Goldberg might be the literary antithesis of a fuckup. He’s the director of the MFA Program in Creative Writing at the University of California, Riverside; the author of the serial crime novels Burn Notice, based on the popular USA show; author of two acclaimed novels including Living Dead Girl, which was a finalist for the L.A. Times Book Prize; and has a second story collection due out this month. All that notwithstanding, Goldberg’s first novel, Fake Liar Cheat, was rejected 24 times, and his first published story was rejected 64 times.
“You’ve got to be able to say this life I’ve chosen to live is absolutely absurd,” Goldberg says. “The things I find most engaging are predicated on terrible human suffering.”

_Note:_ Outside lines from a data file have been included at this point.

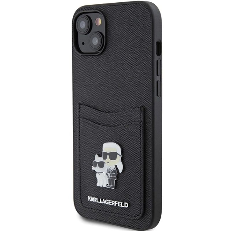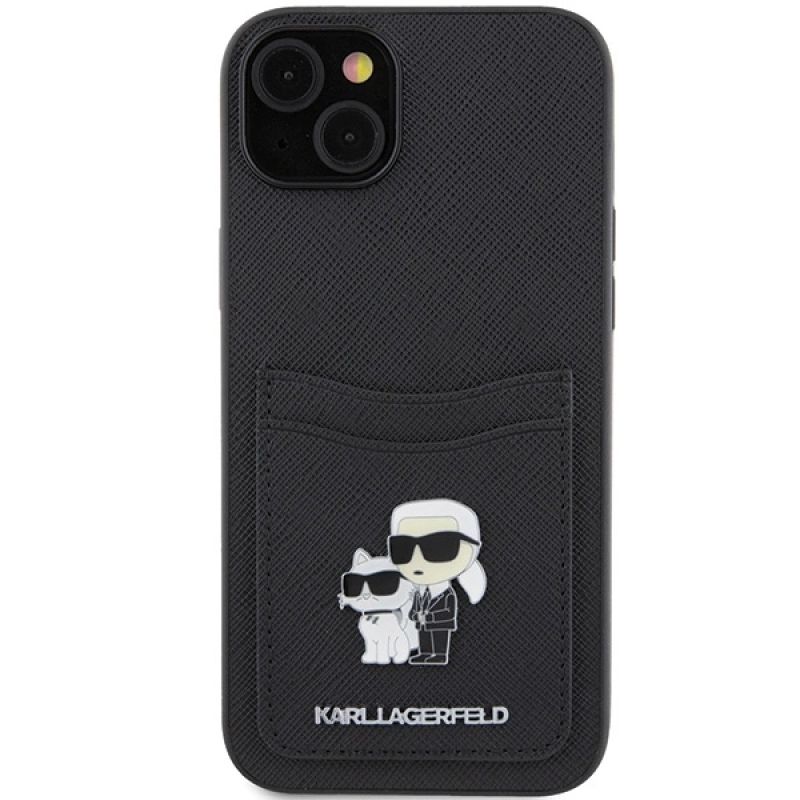 Etui Karl Lagerfeld Saffiano Cardslot Karl&Choupette Metal Pin do iPhone 15 - czarne
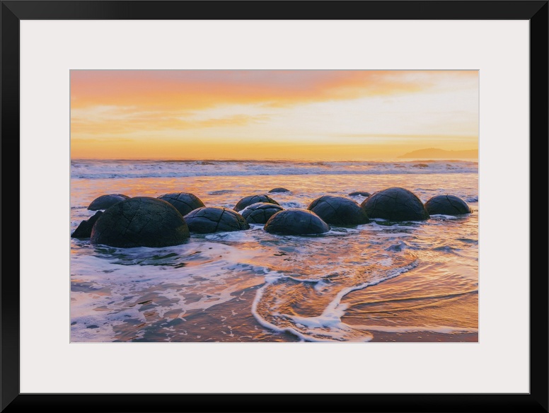 <p>Moeraki Boulders rock formations by the sea at sunrise, Otago, New Zealand</p>
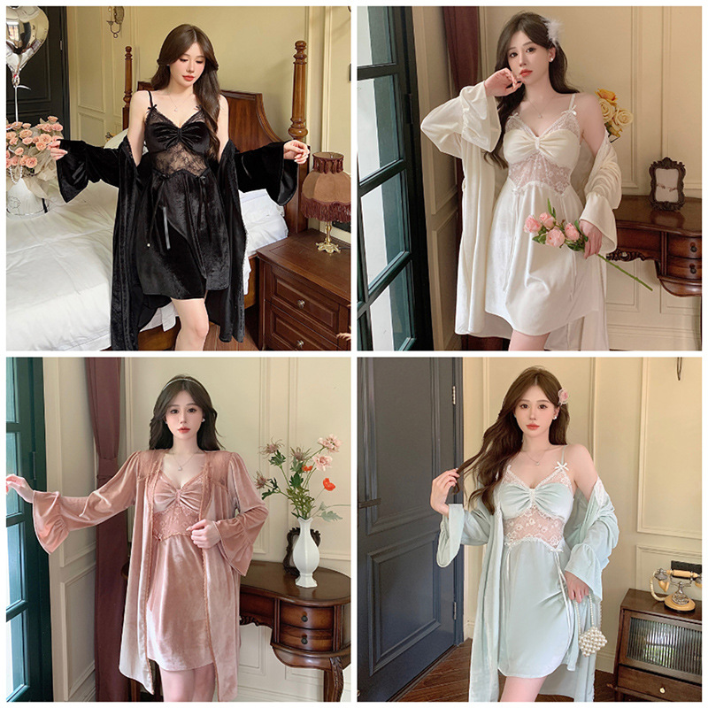 金丝绒睡衣女春秋冬性感吊带蕾丝纯欲风长袖睡袍家居服带胸垫睡袍
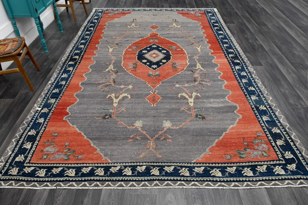 9x14 ft, Colorful Vintage Area Rug, Turkish Rug, Oriental, Wool, Handmade, Star
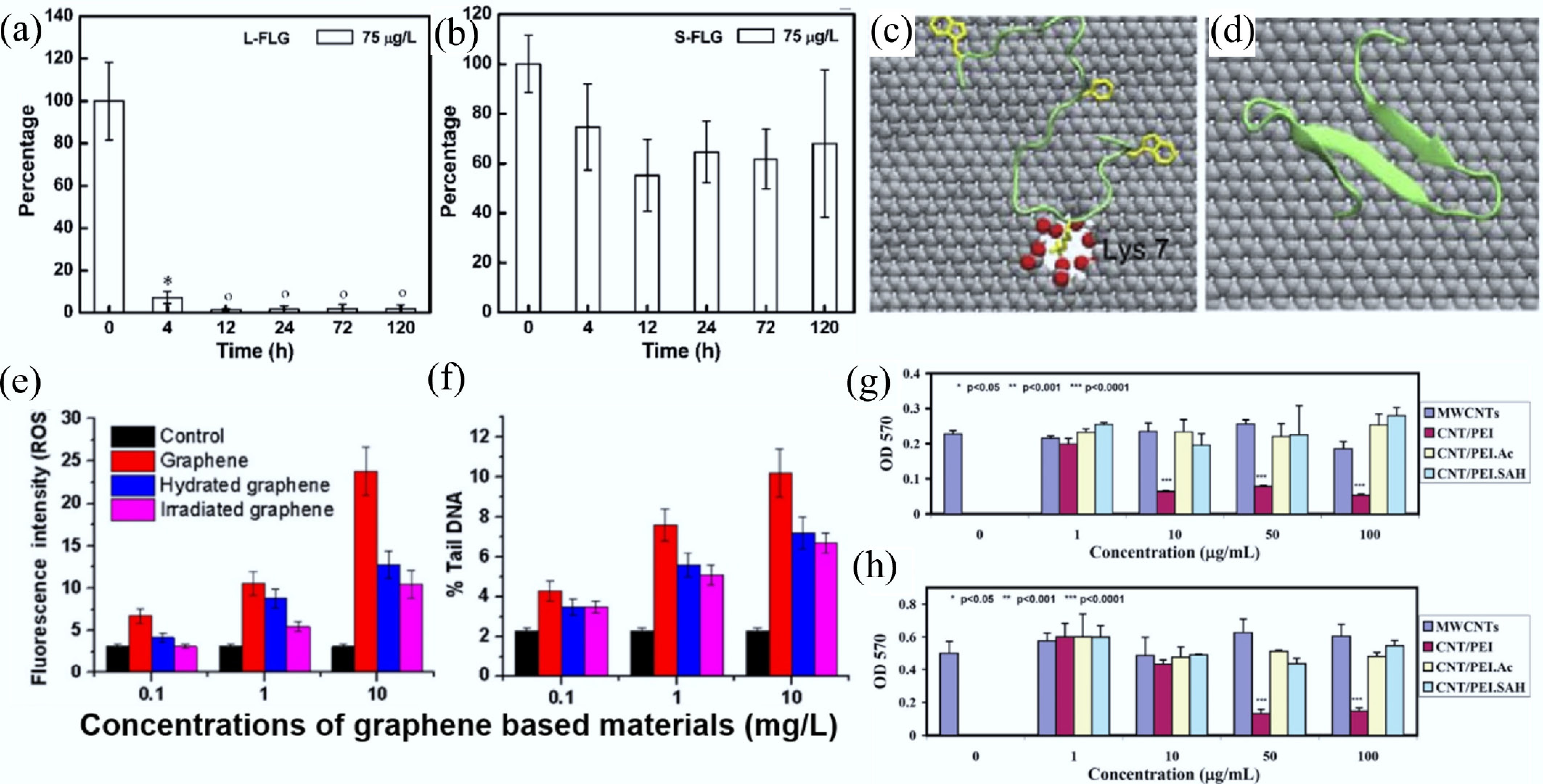 Depuration of (a) Larger few-layer graphene and (b) Smaller few-layer graphene in zebrafish. Data are presented as mean ± SD (n = 5). Statistical significance was determined by Tukey's test (p < 0.05). Symbols (°) and (*) indicate values not significantly or significantly different from zero, respectively[90]. Representative contact configuration of YAP65WW protein adsorption onto (c) defective graphene and (d) ideal graphene surfaces (carbon, silver; oxygen, red; hydrogen, white). The critical residue Lys-7 involved in the binding process is labeled[114]. Effects of hydration and visible-light irradiation on the reduction of (e) oxidative stress and (f) DNA damage induced by pristine graphene. All experiments were conducted in triplicate, and error bars represent mean ± SD[101]. MTT assay results of cell viability for (g) FRO (a human thyroid cancer cell line) and (h) KB (a human epithelial carcinoma cell line) after 24 h treatment with differently functionalized MWCNTs. Each treatment was performed in triplicate, and error bars represent mean ± SD. Statistical significance was determined using the ANOVA test and is indicated by (*), (**), and (***) for p < 0.05, p < 0.001, and p < 0.0001, respectively[123].

Readers familiar with his first collection, Simplify, which won Chicago-based Other Voices Books’ inaugural Short Story Collection Prize, will recognize the theme of desperation. The difference is that the stories in ORC are more realistic in tone and the characters are shackled by the product of their bad decisions.
“I wrote a lot about the aftermath of pain, whereas in Simplify I wrote about being in the moment of despair,” Goldberg says of the difference between the two collections. “The older you get the more you reckon with your own mortality, your own sadness, and of course your own sense of what you would have done differently. I was coming at abandonment and loss as a more mature person.”
Goldberg’s sense of maturity as a person parallels the darker complexities of love and regret in ORC. Two of the ten stories revolve around Tania, an itinerant casino cocktail waitress who has “failed to recognize how the weight of finally making a decision could be so paralyzing.” At 35, she decides to take a lucky night’s winnings and adopt a tween daughter from Russia, who abandons her before they form the bond that Tania expected. Fifteen years later, in “Palm Springs,” Tania’s still seeking understanding.
Were it not for OV Books, Tania’s story might not have even made it to the shelf. In contrast to his big-house experience, Goldberg says the editorial collaboration with OV started with each word and every line and extended into marketing and promotion.
“It was the first time in my career that a publisher asked me ‘What do you want?’?” he says. “It was inspiring.”
Unlike the characters’ decisions in ORC, Goldberg’s decision where to submit the collection was simple.
Goldberg reads Thursday 8 at Barbara’s Bookstore.